Письма - Екатерина Сиенская
- Категория: Европейская старинная литература / Прочая религиозная литература
- Название: Письма
- Автор: Екатерина Сиенская
Шрифт:
Интервал:
Закладка:
Екатерина Сиенская
Письма
Издание подготовила А.В. ТОПОРОВА
Святая Екатерина Сиенская. Фреска. Художник Андреа ди Ванни (1332—1414). Ок. 1400. Собор Св. Доминика (Сан-Доменико) (Сиена, Италия).
ПИСЬМА
I. ПИСЬМА ПОНТИФИКАМ
ПИСЬМО 1 (185)
Григорию XI[1]
Во имя распятого Иисуса Христа и сладчайшей Марии. Достопочтеннейший и дражайший отец наш во Иисусе Христе! Недостойная, убогая, несчастная дочь Ваша Екатерина, слуга и раба слуг Христовых, пишет Вам в Его драгоценной крови, желая видеть Вас плодоносящим древом, изобилующим сладкими и нежными плодами и посаженным в плодородную почву (ибо будь оно не в земле, то засохло бы и не принесло плода), а именно в почву истинного самопознания. Ибо душа, познавшая себя, смиряется, так как не видит ничего, чем можно было бы гордиться, взращивает внутри сладкий плод горячей любви, ощущая безграничное милосердие Божие, и, зная, что в ней самой нет жизни, ту жизнь, которую имеет, приписывает Сущему[2]. И тогда душа оказывается вынуждена любить то, что любит Бог, и ненавидеть то, что Он ненавидит.

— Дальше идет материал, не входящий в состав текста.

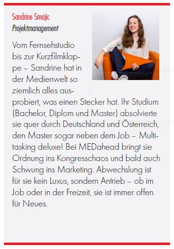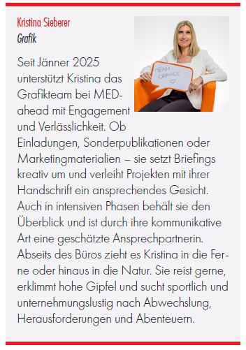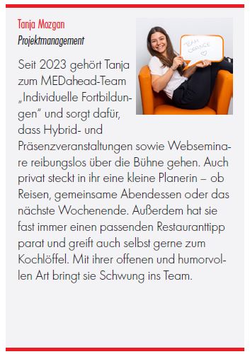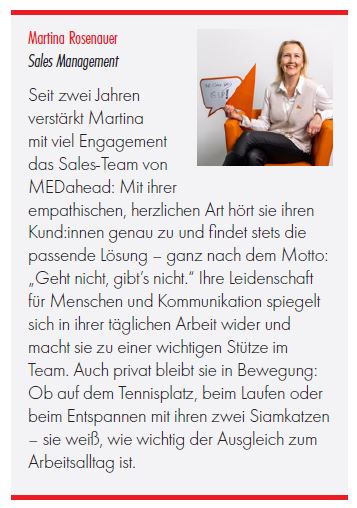 Zur RegistrierungVor einiger Zeit haben wir Ihnen bereits einen Teil unseres Teams präsentiert. Seither hat sich MEDahead weiterentwickelt: Neue Kolleg:innen sind zu uns gestoßen und bereichern unser Unternehmen mit frischen Impulsen und vielfältigen Perspektiven. Mit dem erweiterten Know-how und der neuen Motivation verstärken sie unser Team und tragen dazu bei, dass wir unsere Abläufe optimieren, Innovationen vorantreiben und unser Angebot kontinuierlich ausbauen – immer mit dem Ziel, individuelle und hochwertige Lösungen zu bieten.

О сладостное и истинное самопознание! Ты несешь с собою нож ненависти, и в ненависти протягиваешь руку святого желания извлечь и убить червя себялюбия, червя, который так портит и так подтачивает корень нашего древа, что оно не может принести плода, а засыхает, и зелень его увядает; ибо в том, кто чрезмерно любит себя, живет отвратительная гордыня (причина и источник всякого зла), в каком бы положении он ни находился — властителя или подчиненного. И если он любит лишь себя самого, то есть любит себя ради себя, а не себя ради Бога, то не может совершить ничего, кроме зла, и всякая добродетель мертва в нем. Он подобен женщине, рожающей мертвых детей. Так оно и есть на самом деле, ибо нет у него жизни, исполненной любви, он желает хвалы и славы лишь себе, а не имени Божьему. Итак, говорю я: если он властитель, то поступает плохо, поскольку из-за любви к самому себе (то есть из-за страха оказаться неугодным тварным существам) в нем умирает святая справедливость, ведь он связан самоугождением и себялюбием. Он видит, что его подчиненные совершают проступки и грехи, и притворяется, будто не замечает содеянного, а потому и не исправляет; а если исправляет, то с такою теплохладностью сердечной, что не вырывает порок с корнем, а лишь налагает пластырь, и всегда боится кому-нибудь не понравиться и с кем-нибудь вступить в войну. Все это происходит из-за его себялюбия. А иногда такие люди хотят совершить все миром; я же говорю, что это — худшая жестокость, какую только можно допустить. Коль скоро рана в случае необходимости не прижигается огнем и не режется железом, а лишь смазывается, то она не исцеляется, но вся загнивает, и часто от этого наступает смерть.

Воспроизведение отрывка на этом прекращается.